## WORK TO BE COMPLETED
When you retype the entries, keep each one exact and leave out the pictures.
--
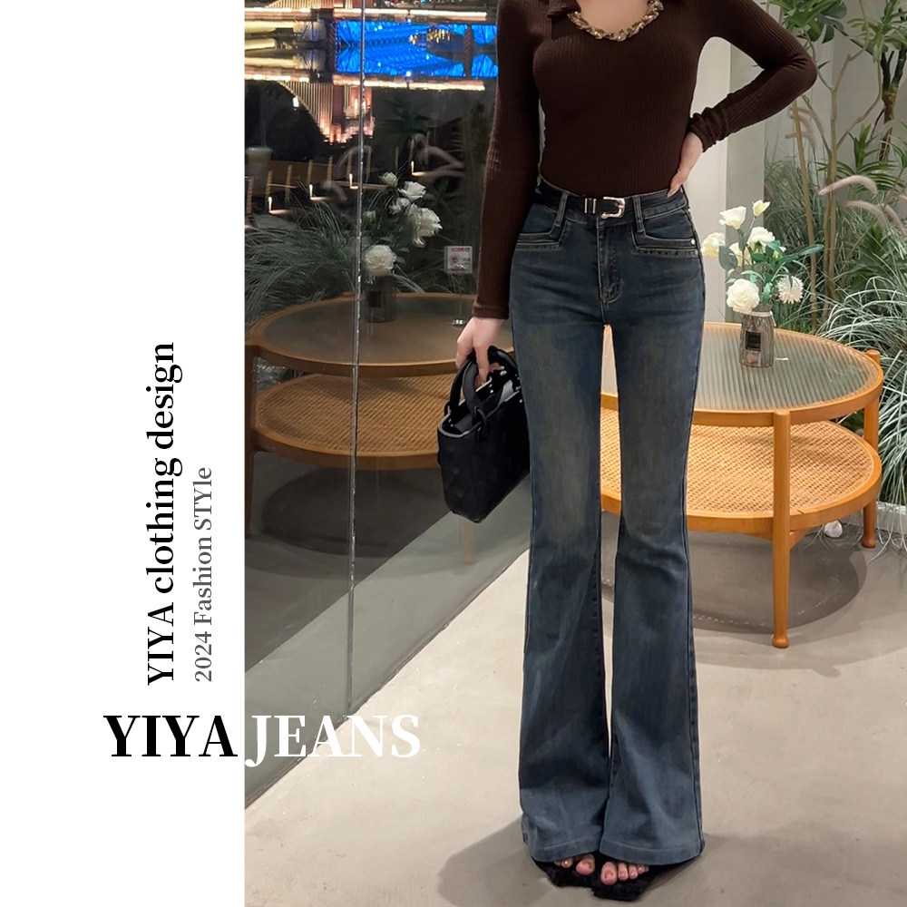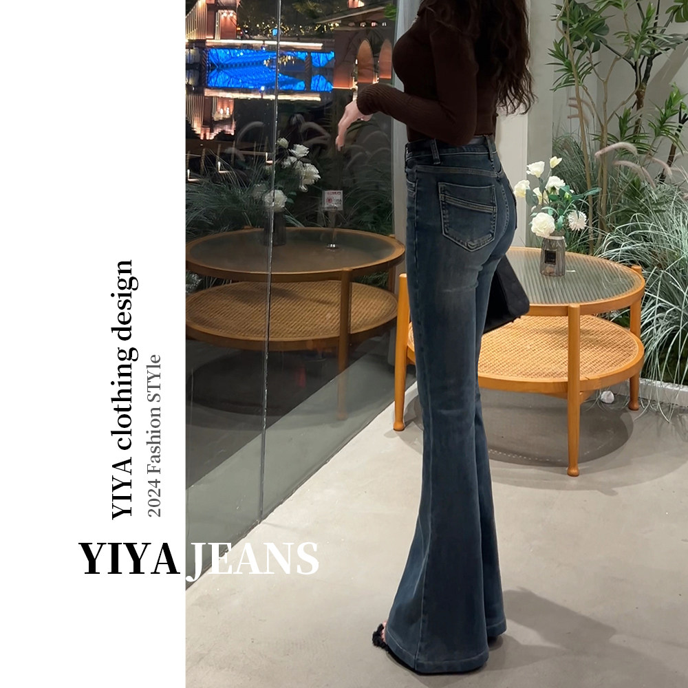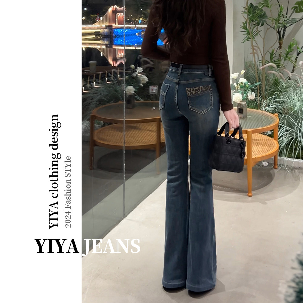 秋季 微喇裤 新款 牛仔裤 加绒 6837豹纹复古提臀高腰百搭显瘦修身
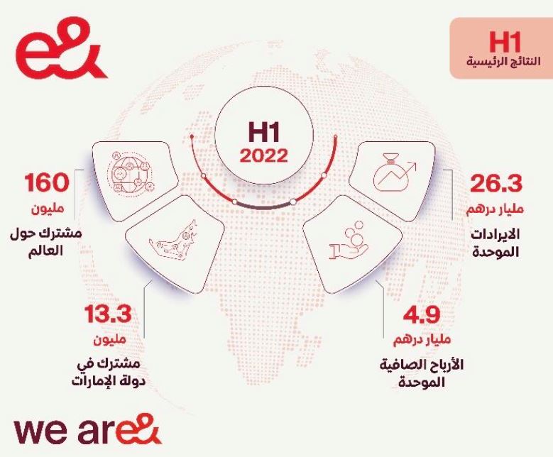 أعلنت مجموعة "&e" المعروفة سابقًا باسم "مجموعة اتصالات" اليوم عن نتائجها المالية الموحدة للنصف الأول من العام 2022، حيث حققت صافي أرباح بنحو 4.9 مليارات درهم بنمو بنسبة 2.5% مقارنة بالفترة نفسها من العام الماضي 2021.
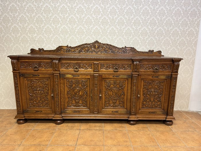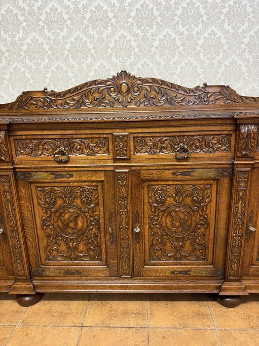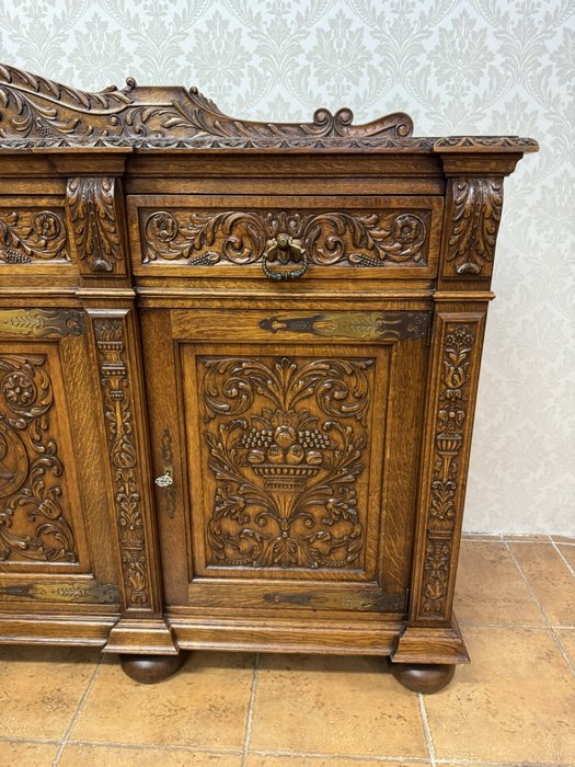 Komoda dubového dřeva s řezanými dvířky, zásuvkami a horní římsou. Výzdobu tvoří florální ornamenty, vinné hrozny a lví hlavy na úchytkách. Vnitřní prostor rozdělen do čtyř oddílů se zásuvkami v horní části. Vyrobeno v Itálii.
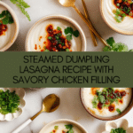 This Dumpling Lasagna is an inventive twist combining the flavors of traditional Chinese dumplings with the layered appeal of lasagna. Using chicken filling and delicate dumpling wrappers, it’s a comforting dish perfect for sharing.
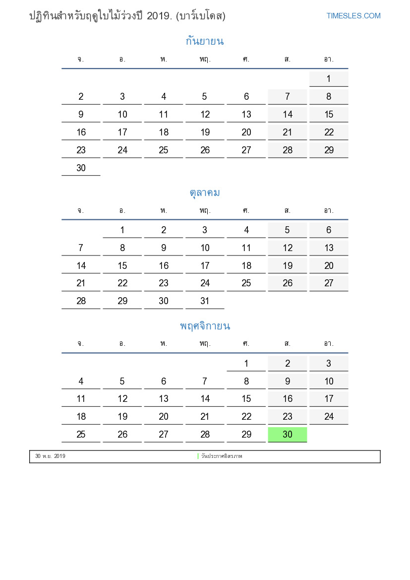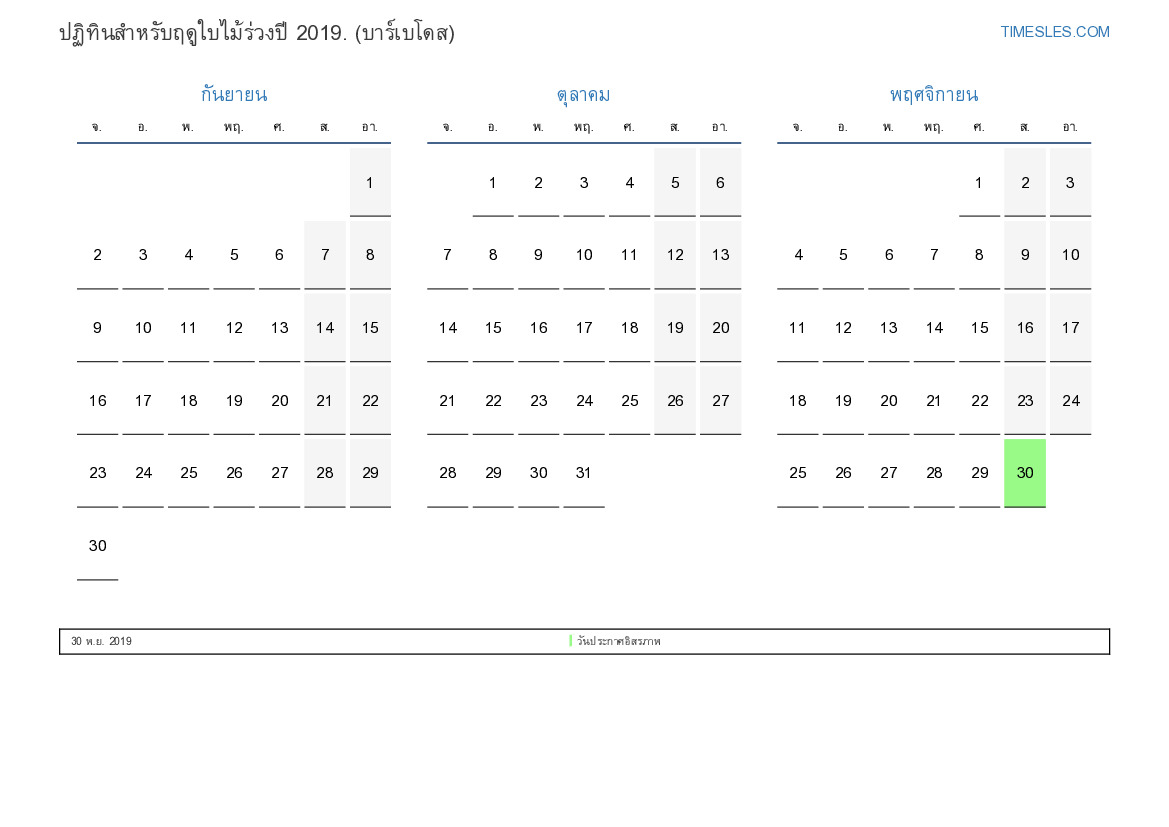 ดาวน์โหลดและพิมพ์ปฏิทิน PDF พร้อมวันหยุดและวันหยุดสุดสัปดาห์สำหรับฤดูใบไม้ร่วงปี 2019 สำหรับบาร์เบโดส
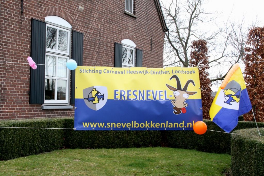Eresnevelgeit Wilma Brekelmans werd vanmiddag verrast door een bezoek van Prins Bart d'n Urste met zijn hele gevolg. Een spandoek voor het huis maakt elke voorbijganger duidelijk dat hier een bijzonder iemand woont.
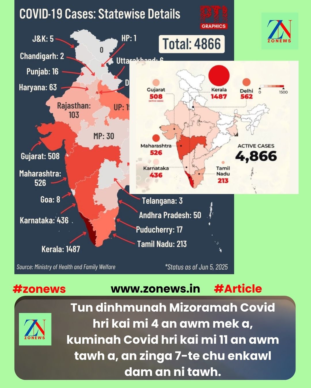 #ZONEWS July 14, 2025: Tun dinhmunah Mizoramah Covid hri kai mi 4 an awm mek a, kuminah Covid hri kai mi 11 an awm tawh a, an zinga 7-te chu enkawl dam an ni tawh.
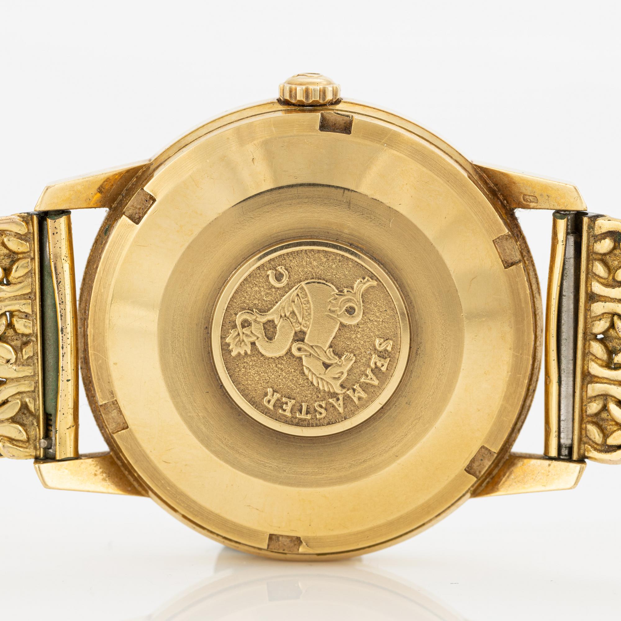 18K gold, automatic, plastic crystal, metal bracelet, circa 1966.
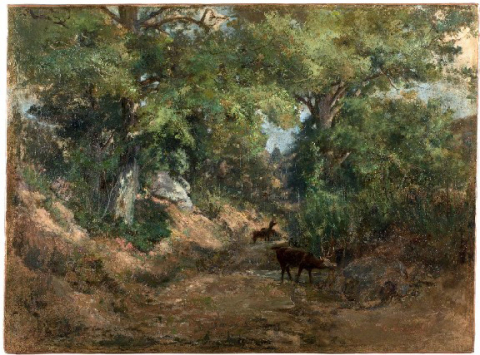 Depuis la balustrade du jardin, j’ai toujours eu l’impression d’un face-à-face. Avec d’autres maîtres de forges, les Le Veneur ont mangé la forêt pour alimenter leur industrie et en tirer les bénéfices qui ont permis leur train de vie. Je me demande comment ils voyaient la forêt. Si on leur avait demandé en en 1860-1870 de nous dessiner la forêt telle qu’ils la voient, qu’auraient-ils représenté ? La forêt de Théodore Rousseau (les Gorges d’Apremont, forêt de Fontainebleau, 1858) ou celle de Gustave Courbet (le Cerf dans la forêt, 1867) ?
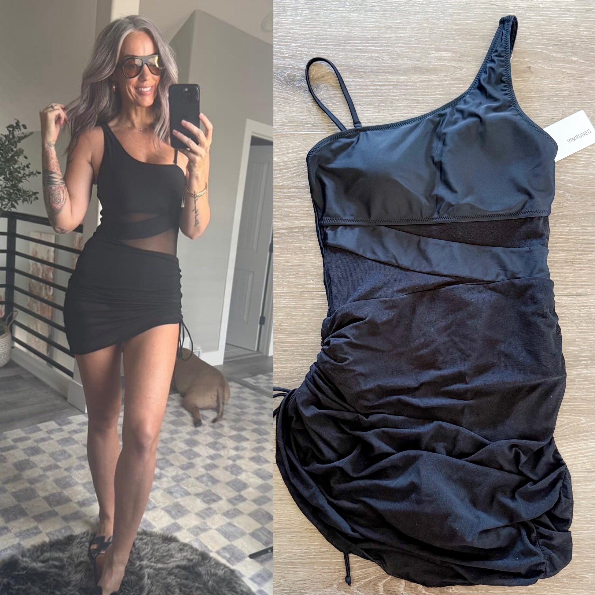 A black one piece swimsuit with mesh panels and a cinched side on the skirt.
--
## OUTPUT FOR THIS EXERCISE
 秋季 微喇裤 新款 牛仔裤 加绒 6837豹纹复古提臀高腰百搭显瘦修身
 أعلنت مجموعة "&e" المعروفة سابقًا باسم "مجموعة اتصالات" اليوم عن نتائجها المالية الموحدة للنصف الأول من العام 2022، حيث حققت صافي أرباح بنحو 4.9 مليارات درهم بنمو بنسبة 2.5% مقارنة بالفترة نفسها من العام الماضي 2021.
 Komoda dubového dřeva s řezanými dvířky, zásuvkami a horní římsou. Výzdobu tvoří florální ornamenty, vinné hrozny a lví hlavy na úchytkách. Vnitřní prostor rozdělen do čtyř oddílů se zásuvkami v horní části. Vyrobeno v Itálii.
 This Dumpling Lasagna is an inventive twist combining the flavors of traditional Chinese dumplings with the layered appeal of lasagna. Using chicken filling and delicate dumpling wrappers, it’s a comforting dish perfect for sharing.
 ดาวน์โหลดและพิมพ์ปฏิทิน PDF พร้อมวันหยุดและวันหยุดสุดสัปดาห์สำหรับฤดูใบไม้ร่วงปี 2019 สำหรับบาร์เบโดส
Eresnevelgeit Wilma Brekelmans werd vanmiddag verrast door een bezoek van Prins Bart d'n Urste met zijn hele gevolg. Een spandoek voor het huis maakt elke voorbijganger duidelijk dat hier een bijzonder iemand woont.
 #ZONEWS July 14, 2025: Tun dinhmunah Mizoramah Covid hri kai mi 4 an awm mek a, kuminah Covid hri kai mi 11 an awm tawh a, an zinga 7-te chu enkawl dam an ni tawh.
 18K gold, automatic, plastic crystal, metal bracelet, circa 1966.
 Depuis la balustrade du jardin, j’ai toujours eu l’impression d’un face-à-face. Avec d’autres maîtres de forges, les Le Veneur ont mangé la forêt pour alimenter leur industrie et en tirer les bénéfices qui ont permis leur train de vie. Je me demande comment ils voyaient la forêt. Si on leur avait demandé en en 1860-1870 de nous dessiner la forêt telle qu’ils la voient, qu’auraient-ils représenté ? La forêt de Théodore Rousseau (les Gorges d’Apremont, forêt de Fontainebleau, 1858) ou celle de Gustave Courbet (le Cerf dans la forêt, 1867) ?
 A black one piece swimsuit with mesh panels and a cinched side on the skirt.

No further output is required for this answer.